Cause I saw 'em build houses in Newfoundland, and I wouldn't expect those to stand up to much in the way of weather.
Well, first off, NFLD is in Canada, so US housing codes don't even vaguely apply.
As Enahs says, housing codes vary. There are certain basic ones that virtually all states/counties/cities comply to (codes are determined at that level roughly -- states make certain minimums, which are generally very broad. Counties then adopt more strict codes. Depending on how the state laws work, a city/township may have local authority instead of the county). For instance, all bedrooms must have a window for a secondary escape route, all bathrooms must have some form of ventillation (window or fan), there are plumbing and electrical standards, etc.
Now in certain areas of the country the codes are extremely rigorous. California probably has the toughest codes, at least for anywhere that is potentially affected by an earthquake. Florida is probably second due to hurricane proofing -- modern construction in Florida is supposed to be able to withstand 150 mph winds without damage. That's pretty damn tough (and it doesn't cost much more to do either -- it's mainly using additional ties between structural members and using hurricane proof glass... which has the added benefit of being very high efficiency).

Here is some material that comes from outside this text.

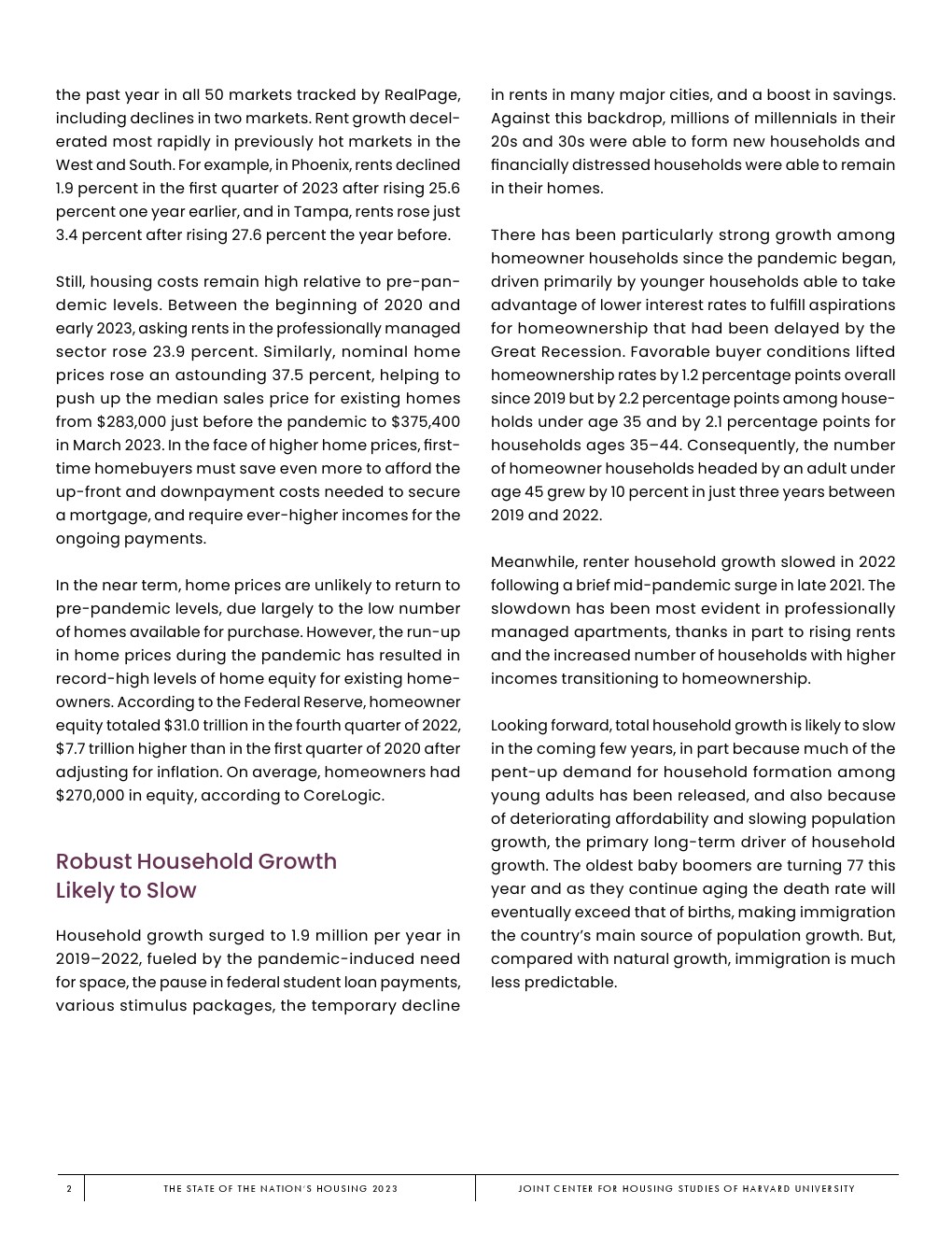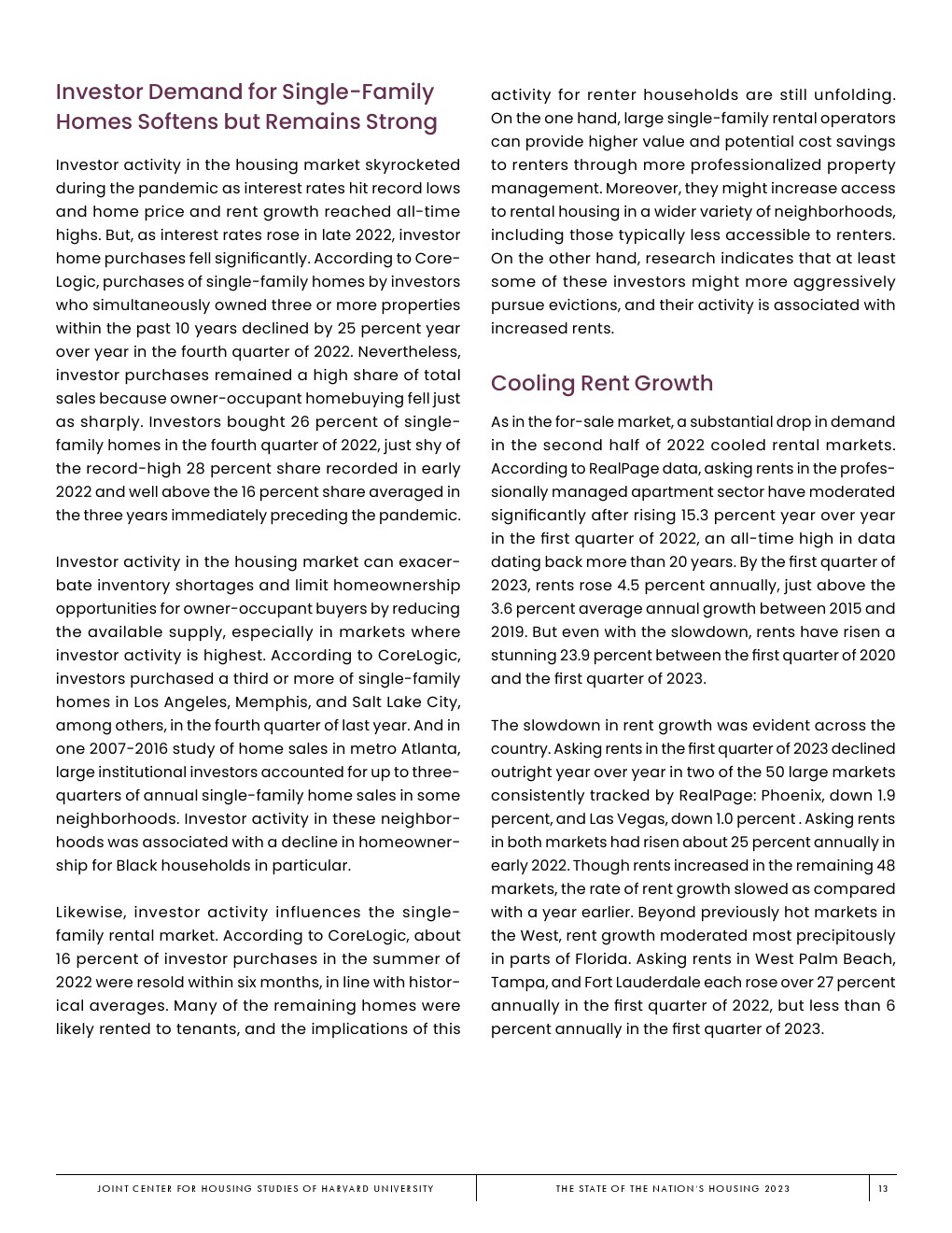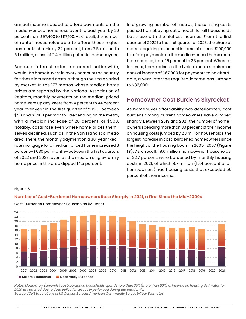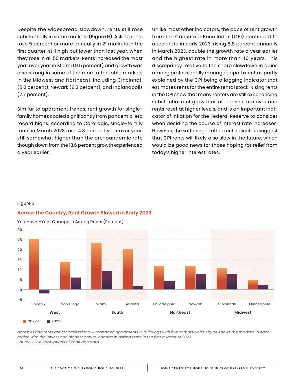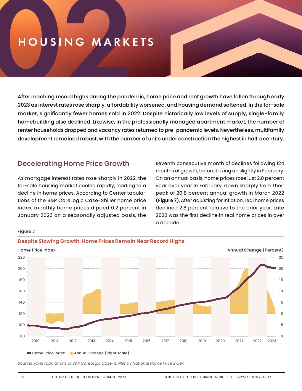 哈佛大学住房研究联合中心发布了“2023年美国住房报告”。尽管房主和租房者面临更高的成本,但房地产市场仍在继续降温。在待售方面,房屋销售和建设水平正在下降,房价上涨的速度也在下降。美国市场正在经历租金增长急剧放缓和空置率上升。尽管如此,房价和租金仍高于大流行前的水平。数以百万计的家庭现在因房价过高而失去了住房所有权,或与住房成本负担作斗争,或完全没有住房,其中包括不成比例的有色人种,这增加了解决国家住房短缺的政策需求,这是负担能力危机的根源。

Now the issue is that many of these codes are relatively recent. Anything built in Florida pre-Andrew (1992) was under much less rigorous codes -- code which proved to be insufficient. Ditto for anything in California that wasn't built in the last 10 years. We've learned a lot about earthquake proofing in that time. The flipside is that there are some things you simply cannot stand up against. A category 5 hurricane is one -- the only things in its direct path that will survive are hardened concrete bunkers. And tornadoes will destroy absolutely anything they hit.
Part of the problem is that coastal land has become absurdly popular and expensive. People literally build houses on sandbars which is pretty much doomed to vanish in the face of a large storm like this. And while you can get insurance to pay for the loss of house, you can't insure the loss of land, so if your plot suddenly becomes ocean again then you're SOL.